[Information shown Boundary: Start]

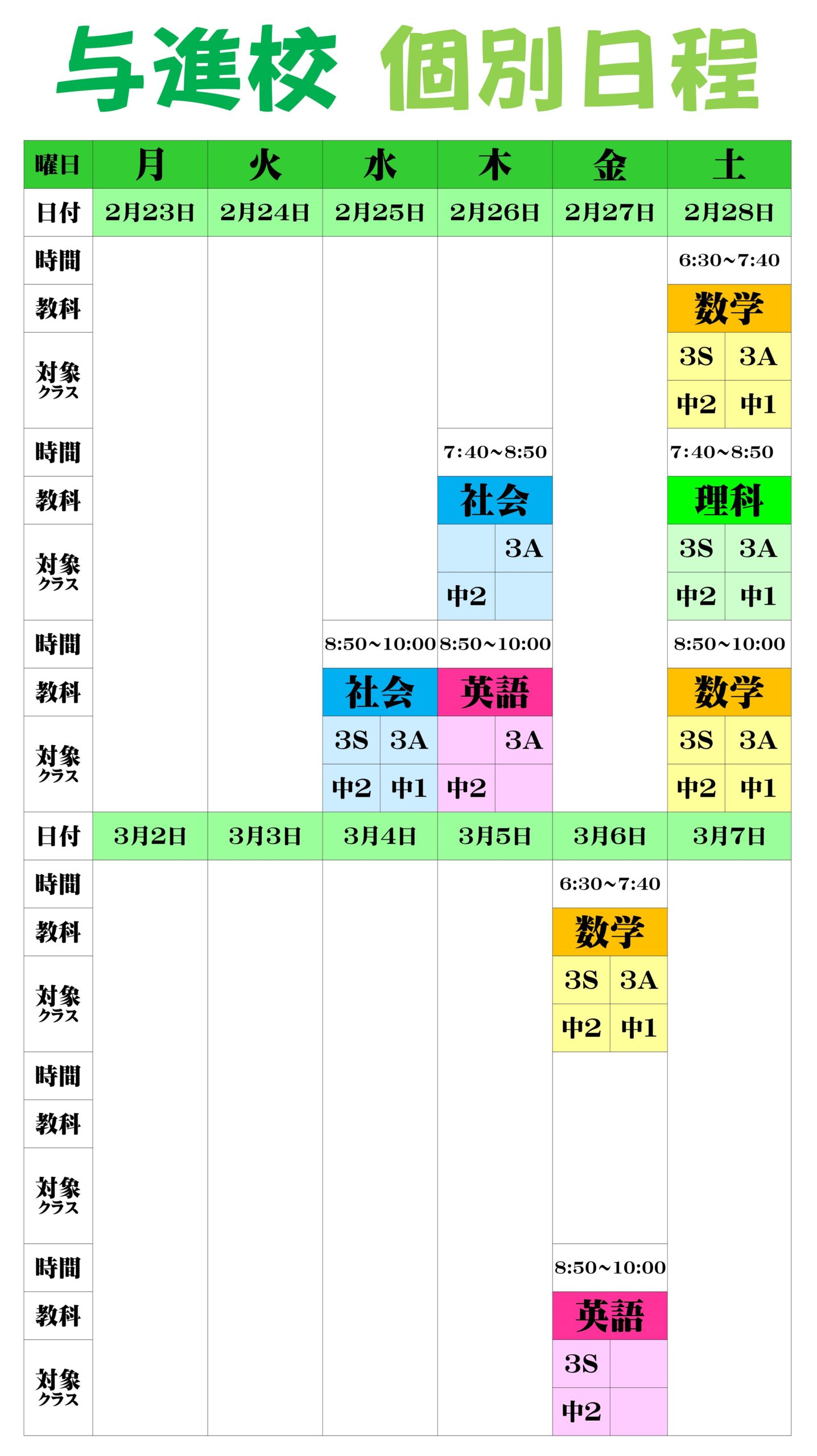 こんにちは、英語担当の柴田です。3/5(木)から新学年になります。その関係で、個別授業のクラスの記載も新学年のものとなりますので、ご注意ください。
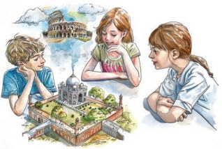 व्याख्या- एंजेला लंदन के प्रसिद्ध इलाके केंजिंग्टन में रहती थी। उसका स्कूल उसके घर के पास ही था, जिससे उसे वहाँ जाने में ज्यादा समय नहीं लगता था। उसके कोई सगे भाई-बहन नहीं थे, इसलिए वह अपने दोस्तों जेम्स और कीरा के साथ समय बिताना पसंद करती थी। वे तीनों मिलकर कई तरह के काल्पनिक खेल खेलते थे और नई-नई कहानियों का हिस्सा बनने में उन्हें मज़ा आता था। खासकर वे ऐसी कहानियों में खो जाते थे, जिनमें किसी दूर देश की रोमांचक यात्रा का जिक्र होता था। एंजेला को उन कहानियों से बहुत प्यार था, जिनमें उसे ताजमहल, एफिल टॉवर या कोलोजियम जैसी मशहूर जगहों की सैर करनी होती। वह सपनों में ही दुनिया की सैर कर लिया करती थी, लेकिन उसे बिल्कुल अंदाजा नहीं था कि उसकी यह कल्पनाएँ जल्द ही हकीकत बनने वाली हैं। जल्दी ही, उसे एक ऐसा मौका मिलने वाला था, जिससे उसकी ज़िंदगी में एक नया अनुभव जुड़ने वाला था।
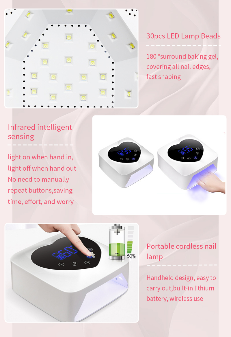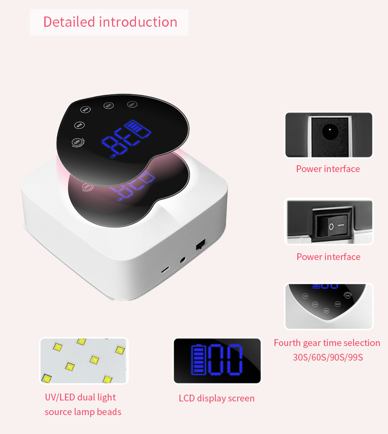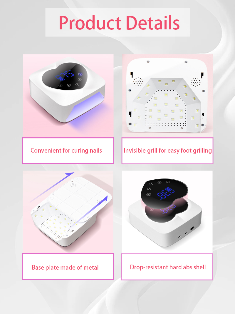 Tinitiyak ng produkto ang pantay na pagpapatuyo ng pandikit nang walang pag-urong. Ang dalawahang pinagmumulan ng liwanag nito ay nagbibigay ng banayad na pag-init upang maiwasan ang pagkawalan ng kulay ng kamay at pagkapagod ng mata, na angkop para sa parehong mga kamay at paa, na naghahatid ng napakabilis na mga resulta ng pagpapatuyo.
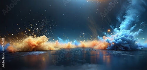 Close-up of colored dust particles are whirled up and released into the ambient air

[Information shown Boundary: End]

[Aim of the exercise] In your copy of the listing above, every line must match exactly and no picture may appear.

[Written answer]
 こんにちは、英語担当の柴田です。3/5(木)から新学年になります。その関係で、個別授業のクラスの記載も新学年のものとなりますので、ご注意ください。
 व्याख्या- एंजेला लंदन के प्रसिद्ध इलाके केंजिंग्टन में रहती थी। उसका स्कूल उसके घर के पास ही था, जिससे उसे वहाँ जाने में ज्यादा समय नहीं लगता था। उसके कोई सगे भाई-बहन नहीं थे, इसलिए वह अपने दोस्तों जेम्स और कीरा के साथ समय बिताना पसंद करती थी। वे तीनों मिलकर कई तरह के काल्पनिक खेल खेलते थे और नई-नई कहानियों का हिस्सा बनने में उन्हें मज़ा आता था। खासकर वे ऐसी कहानियों में खो जाते थे, जिनमें किसी दूर देश की रोमांचक यात्रा का जिक्र होता था। एंजेला को उन कहानियों से बहुत प्यार था, जिनमें उसे ताजमहल, एफिल टॉवर या कोलोजियम जैसी मशहूर जगहों की सैर करनी होती। वह सपनों में ही दुनिया की सैर कर लिया करती थी, लेकिन उसे बिल्कुल अंदाजा नहीं था कि उसकी यह कल्पनाएँ जल्द ही हकीकत बनने वाली हैं। जल्दी ही, उसे एक ऐसा मौका मिलने वाला था, जिससे उसकी ज़िंदगी में एक नया अनुभव जुड़ने वाला था।
 Tinitiyak ng produkto ang pantay na pagpapatuyo ng pandikit nang walang pag-urong. Ang dalawahang pinagmumulan ng liwanag nito ay nagbibigay ng banayad na pag-init upang maiwasan ang pagkawalan ng kulay ng kamay at pagkapagod ng mata, na angkop para sa parehong mga kamay at paa, na naghahatid ng napakabilis na mga resulta ng pagpapatuyo.
 Close-up of colored dust particles are whirled up and released into the ambient air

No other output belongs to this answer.